Tuesday, January 23, 2007

Ambivalence vs. Acceptance

I've been known to extol the benefits of ambivalence. Being unconcerned about what happens creates lower stress, healthier outlooks, and reduces the likelihood of unmet expectations. Ambivalence can be the way to go, especially when your goal is to be as unattached as possible.

Despite my praise for ambivalence, I'm very bad at practicing it. I remember the day in 5th grade where I decided I wasn't going to care so much. Unfortunately that just manifested itself in an unwillingness to express my emotions. Ironically, I still cared a lot, it was just that no one knew it. My pseudo-ambivalence actually led to more stress because I had all these emotions brewing inside with no outlet. I just wasn't wired for ambivalence. Doing my best has always been how I've gone about life, and resigning myself to less than that was unacceptable.

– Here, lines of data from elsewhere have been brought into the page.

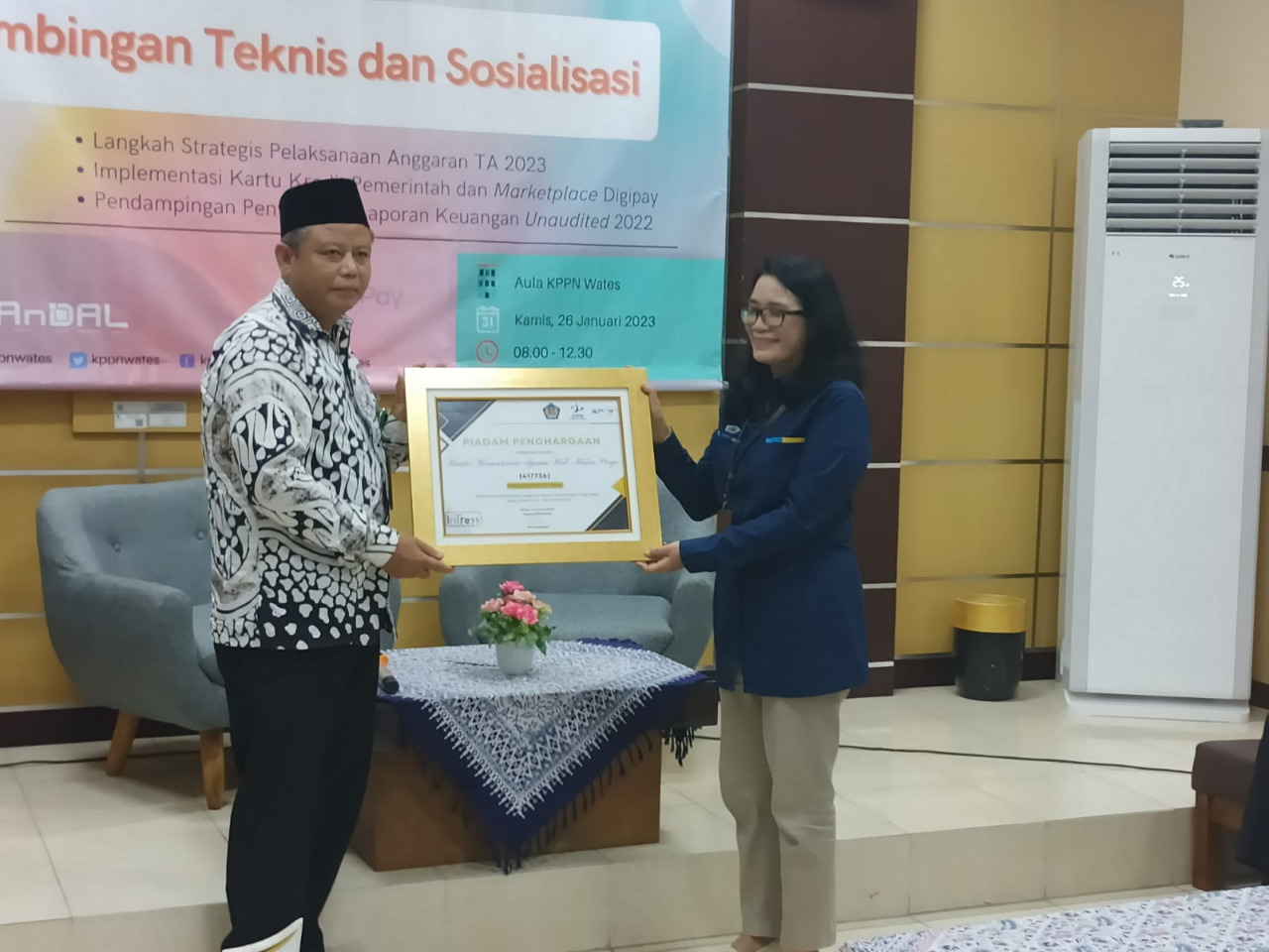 Penghargaan diterima langsung oleh Kepala Kankemenag Kulon Progo, H.M. Wahib Jamil, S.Ag. M.Pd. di Aula KPPN Wates, Kamis (26/1/2023) pagi.
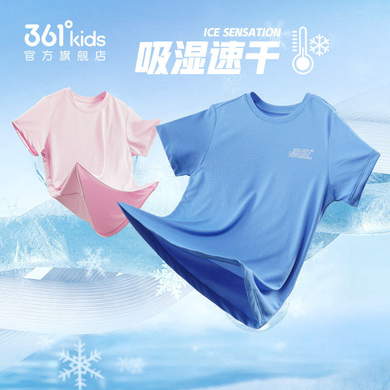 361度童装男童短袖T恤夏季新款儿童速干衣运动男孩半袖女童短T
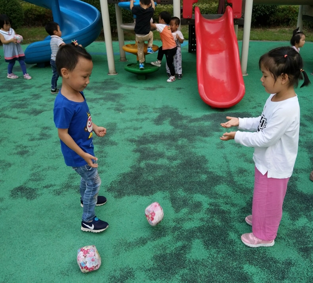 活动中,小三班的老师根据孩子的年龄特点,为孩子们精心准备了丰富的晨间户外活动材料,以走、跑、跳、投掷等基本动作为主,让孩子们在情景中积极、自主参与游戏。如:孩子们在参加游戏“我是小白兔”时,他们能大胆地双脚并拢跳过障碍物;“你抛我接”的游戏,以两两合作互动游戏,深深吸引着孩子;在“抓尾巴”的游戏中,孩子们完全投入到游戏中,多人合作,追逐时的场面非常激烈……一系列的晨间户外游戏,彰显了传统游戏、民间游戏、自编游戏等对孩子们的无限魅力,欢声笑语始终回荡在整个操场。

Today, however, I did realize that there was an alternative. Instead of ambivalence, I could practice acceptance. Usually, this word is used to describe relationships between people, but it doesn't have to be used that way. It can also mean a willingness to consider those things in life that we can have an impact on and choosing to accept things outside of that circumference. Very few things in life are radically different as a result of our actions, so why worry about them? We can waste valuable time, energy and resources trying to change things for which we lack control, or we can accept that sometimes this is the way things are. It doesn't mean that we stop caring, it just means that we acknowledge that God hasn't willed us His throne. He's still on it, and the things that are in His hands, aren't in ours.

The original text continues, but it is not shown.